- Brief -
Reproduce every entry that follows word for word, but omit the images.

- Material supplied -

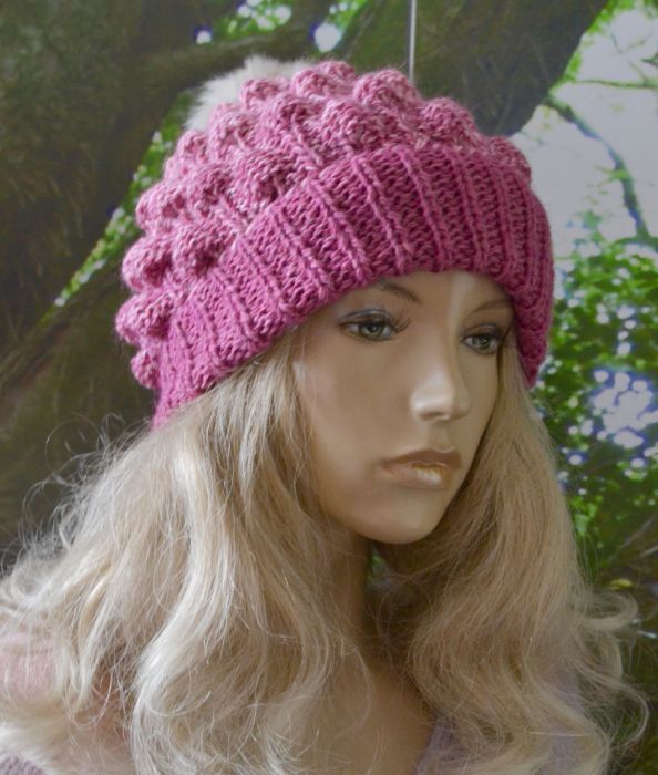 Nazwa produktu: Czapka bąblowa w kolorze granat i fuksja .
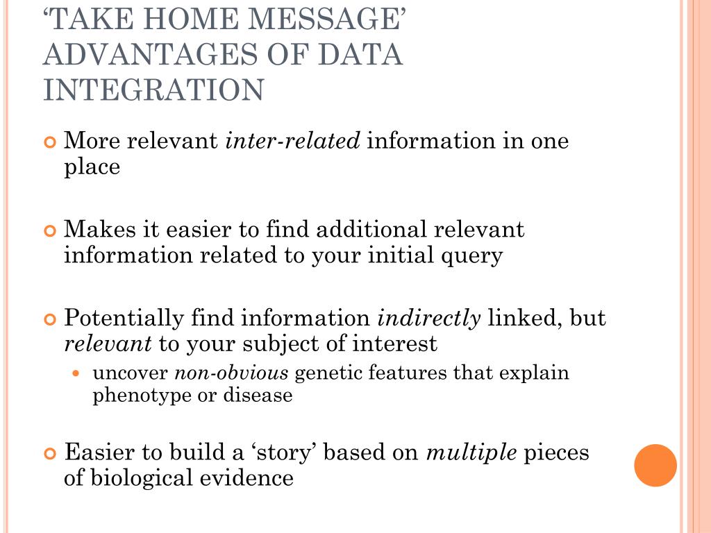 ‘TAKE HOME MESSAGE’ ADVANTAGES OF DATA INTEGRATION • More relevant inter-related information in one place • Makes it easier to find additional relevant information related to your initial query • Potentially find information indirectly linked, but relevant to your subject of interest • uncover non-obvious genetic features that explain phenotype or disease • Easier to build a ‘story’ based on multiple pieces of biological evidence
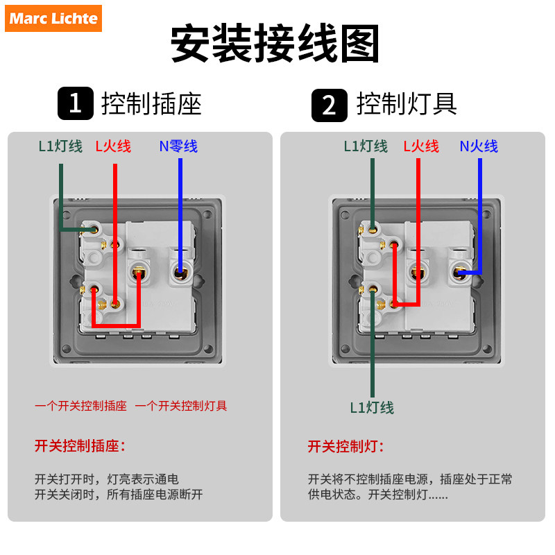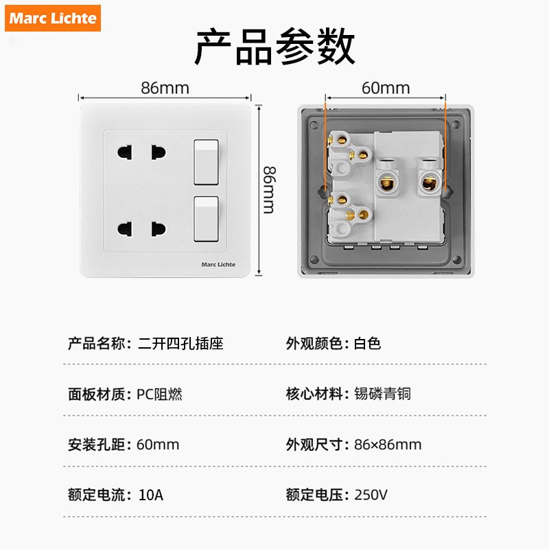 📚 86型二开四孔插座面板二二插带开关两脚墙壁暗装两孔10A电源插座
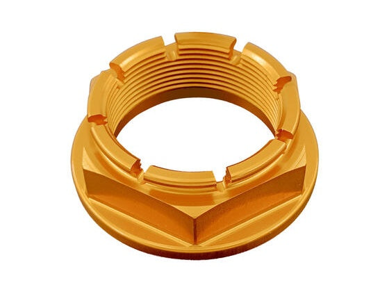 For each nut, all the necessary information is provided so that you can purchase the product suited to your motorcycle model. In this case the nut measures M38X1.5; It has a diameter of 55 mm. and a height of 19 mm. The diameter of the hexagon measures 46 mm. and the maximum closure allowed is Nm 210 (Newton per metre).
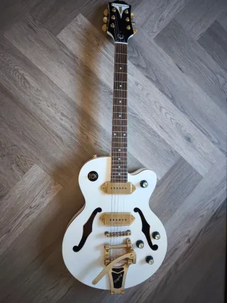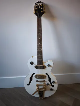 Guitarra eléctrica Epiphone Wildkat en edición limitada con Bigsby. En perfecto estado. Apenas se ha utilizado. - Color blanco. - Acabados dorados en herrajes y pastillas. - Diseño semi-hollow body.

- Solution for this task -
 Nazwa produktu: Czapka bąblowa w kolorze granat i fuksja .
 ‘TAKE HOME MESSAGE’ ADVANTAGES OF DATA INTEGRATION • More relevant inter-related information in one place • Makes it easier to find additional relevant information related to your initial query • Potentially find information indirectly linked, but relevant to your subject of interest • uncover non-obvious genetic features that explain phenotype or disease • Easier to build a ‘story’ based on multiple pieces of biological evidence
 📚 86型二开四孔插座面板二二插带开关两脚墙壁暗装两孔10A电源插座
 For each nut, all the necessary information is provided so that you can purchase the product suited to your motorcycle model. In this case the nut measures M38X1.5; It has a diameter of 55 mm. and a height of 19 mm. The diameter of the hexagon measures 46 mm. and the maximum closure allowed is Nm 210 (Newton per metre).
 Guitarra eléctrica Epiphone Wildkat en edición limitada con Bigsby. En perfecto estado. Apenas se ha utilizado. - Color blanco. - Acabados dorados en herrajes y pastillas. - Diseño semi-hollow body.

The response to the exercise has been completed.